At Eternity’s Gate appears in an aspect ratio of approximately 2.40:1 on this Blu-ray Disc. I felt pleased with this strong transfer.
Overall sharpness worked fine. A smidgen of softness crept into a handful of elements, but those instances didn’t trouble me. Instead, the majority of the flick provided solid delineation.
The image lacked shimmering or jaggies, and no edge haloes materialized. As one would expect from a brand-new movie, print defects failed to mar the picture.
In terms of palette, Gate opted for a mix of yellows and blues to reflect much of van Gogh’s art. These looked solid, as the Blu-ray reproduced them well.
Blacks came across as dark and deep, while shadows seemed smooth and concise. Overall, the transfer worked nicely.
No one anticipates a dynamic soundscape from a character piece like Infinity, and the DTS-HD MA 5.1 track matched my expectations. Music used the various channels well to become an active partner, and effects added a bit of life to the proceedings.
Nature scenes broadened sonic horizons to a minor degree, as they brought us atmospheric information. Nothing I’d call memorable occurred, though.
Audio quality seemed good. Speech remained concise and crisp, with no edginess or related concerns.
Music fared best of all, as the score appeared lush and full. Effects lacked much prominence, but they remained accurate and dynamic enough. This became a “B-” mix.
A few extras appear, and we get an audio commentary from co-writer/co-editor/director Julian Schnabel and co-writer/co-editor Louise Kugelberg.
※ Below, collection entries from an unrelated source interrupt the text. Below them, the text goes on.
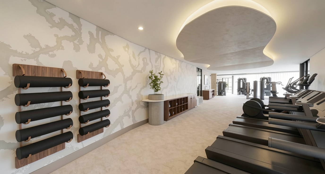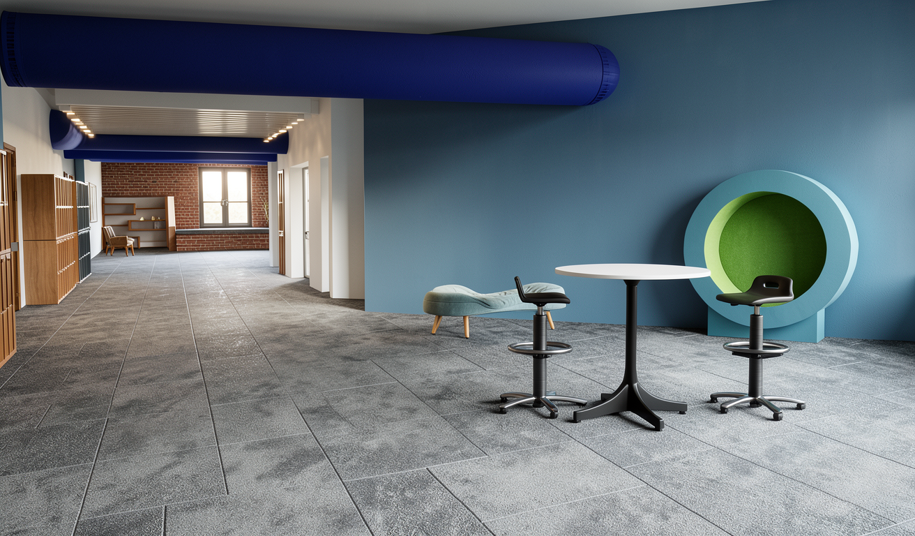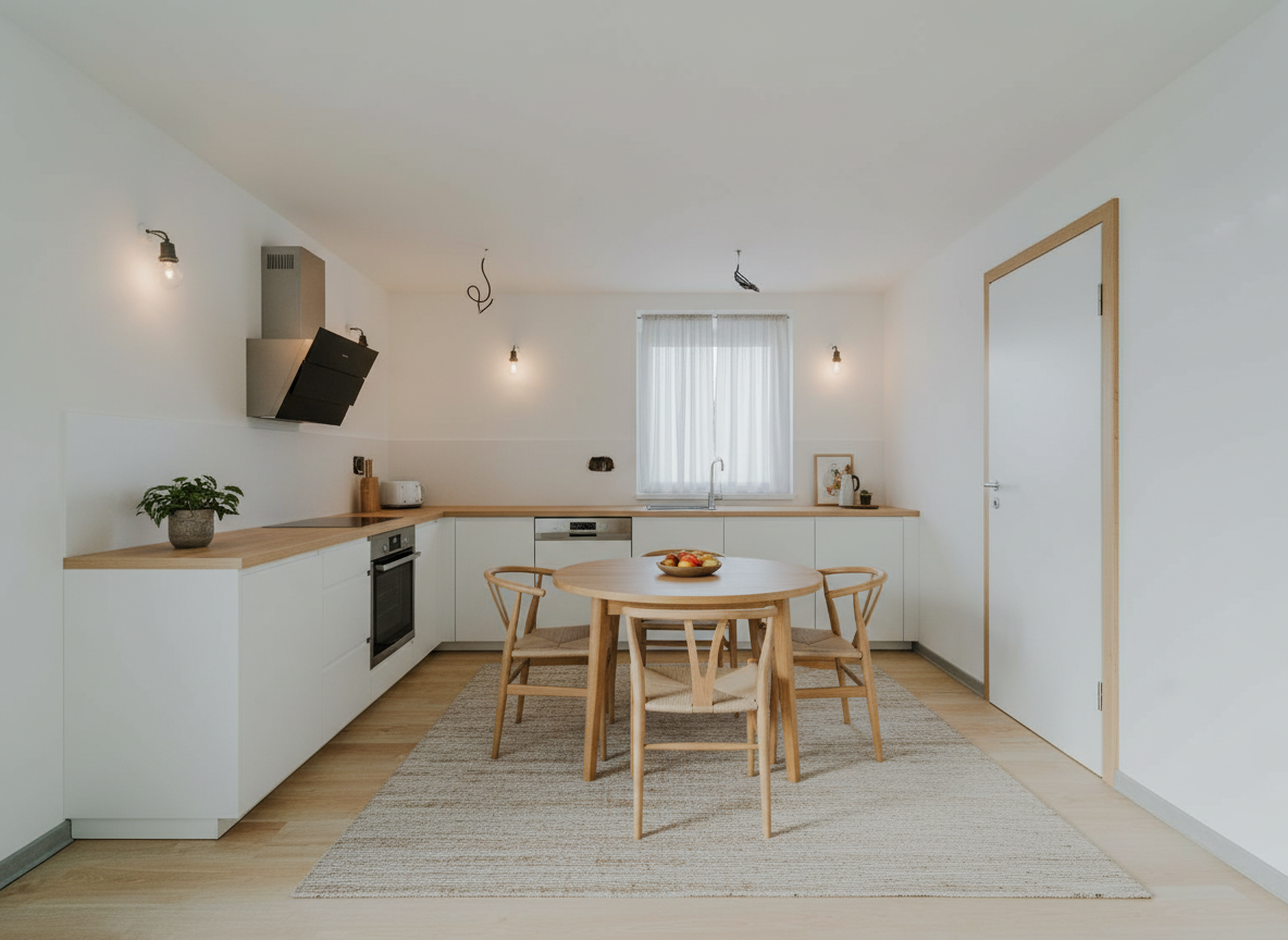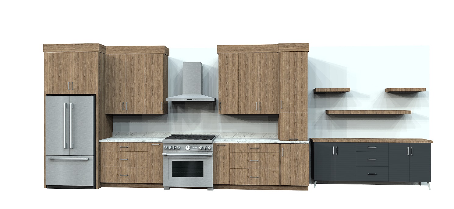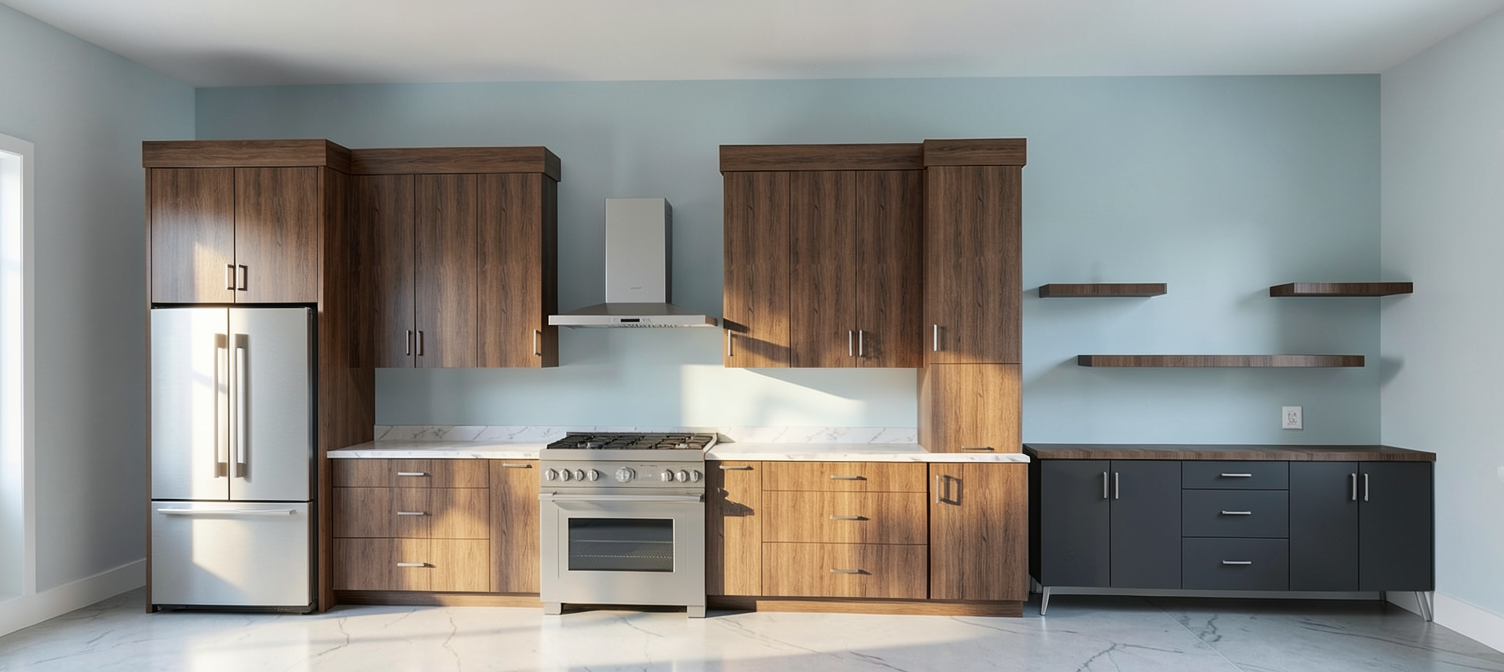 render a modern kitchen with a sleek minimalist design wooden cabinets in a rich walnut color with a natural grain texture the refrigerator stove and range hood are stainless steel reflecting a matte silver sheen countertops are a pristine white marble with subtle gray veining on the right dark graphite cabinets and shelves for contrast the wall is a soft pale blue creating a serene and airy atmosphere with natural light casting gentle shadows do not add a window on the left
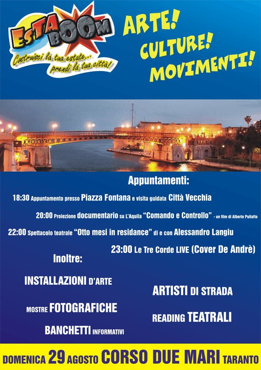 ore 20:00: proiezione di “Comando e controllo” (Festival CineAmbiente 2010), documentario sulla ricostruzione de L’Aquila alla presenza dell’autore, Alberto Pugliafito
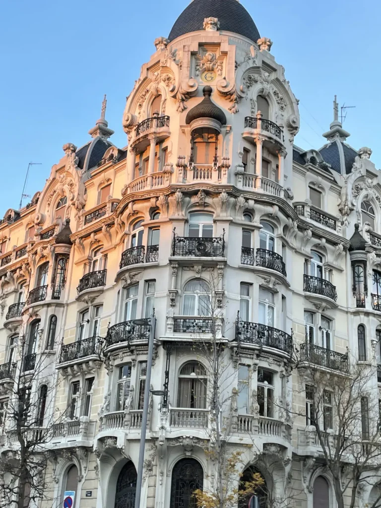 Beyond its palaces and plazas, Madrid’s character is also defined by the buildings where people live. Walking through the neighborhoods, you’ll often see brick‑walled apartment blocks with wrought‑iron balconies, colorful shutters, and laundry hanging in the sun which is a reminder of the city’s daily rhythm. These residential facades, sometimes centuries old, stand side by side with modern developments, creating a unique blend of tradition and contemporary life.
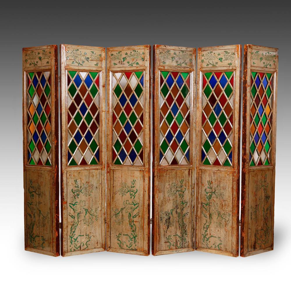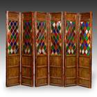 Six Panel Screen Set with Diamond Shaped Stained Glass

Both sit together for this running, screen-specific chat about historical elements and liberties, story/characters, cast and performances, sets and locations, photography and editing, music, and the depiction of art.
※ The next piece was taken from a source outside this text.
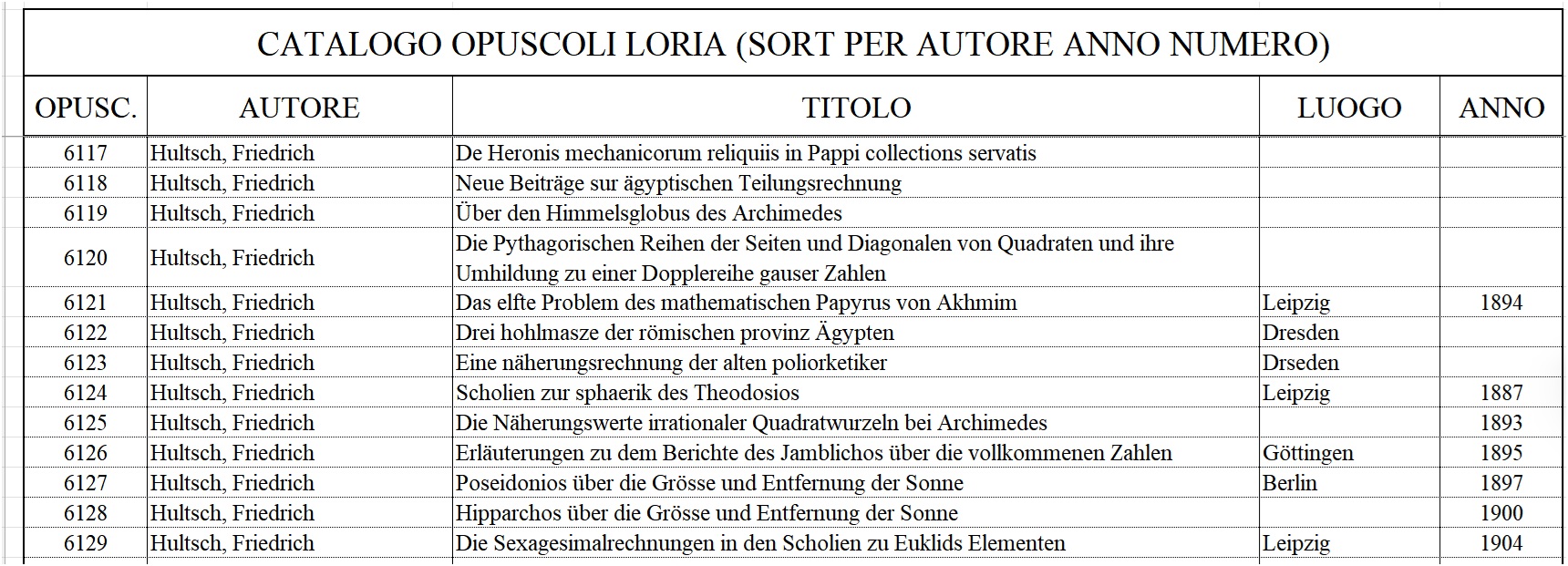 Il Fondo Loria comprende 14.463 opuscoli e estratti (di cui 187 firmati da Gino Loria).
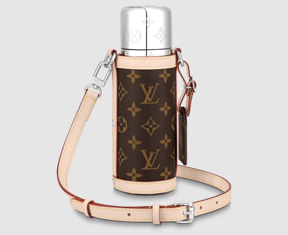 Сдержанный кожаный чехол этого универсального сосуда для напитков Louis Vuitton — неприменно добавляет очарования ультрамодному аксессуару. Но и сам термос, украшенный монограммой, достоин не меньшего внимания — он сохраняет температуру напитка, который хранит в себе.

My only complaint here stems from dead air, as Schnabel and Kugelberg go MIA a little too often. Nonetheless, that trait doesn’t become a substantial problem, and the commentary offers enough useful information to compensate for the gaps.
Three short featurettes follow: Made By a Painter (2:37), Channeling van Gogh (2:16) and Vision of van Gogh (2:09). Across these, we hear from Schnabel, Kugelberg, co-writer Jean-Claude Carrier, director of photography Benoit Delhomme and actors Willem Dafoe, Rupert Friend and Oscar Isaac.
These look at Schnabel’s approach to the material, cast and performances, and visual techniques. A few good nuggets emerge, but these remain promotional in nature.
The disc opens with ads for Five Feet Apart and Ben Is Back. We also get the trailer for Gate.
With a strong lead performance and an engaging emotional sensibility, At Eternity’s Gate provides a compelling film. We get a dramatic glimpse of Vincent van Gogh’s final years in a package that never panders. The Blu-ray offers very good picture as well as appropriate audio and a few supplements. Gate touches on its subject well.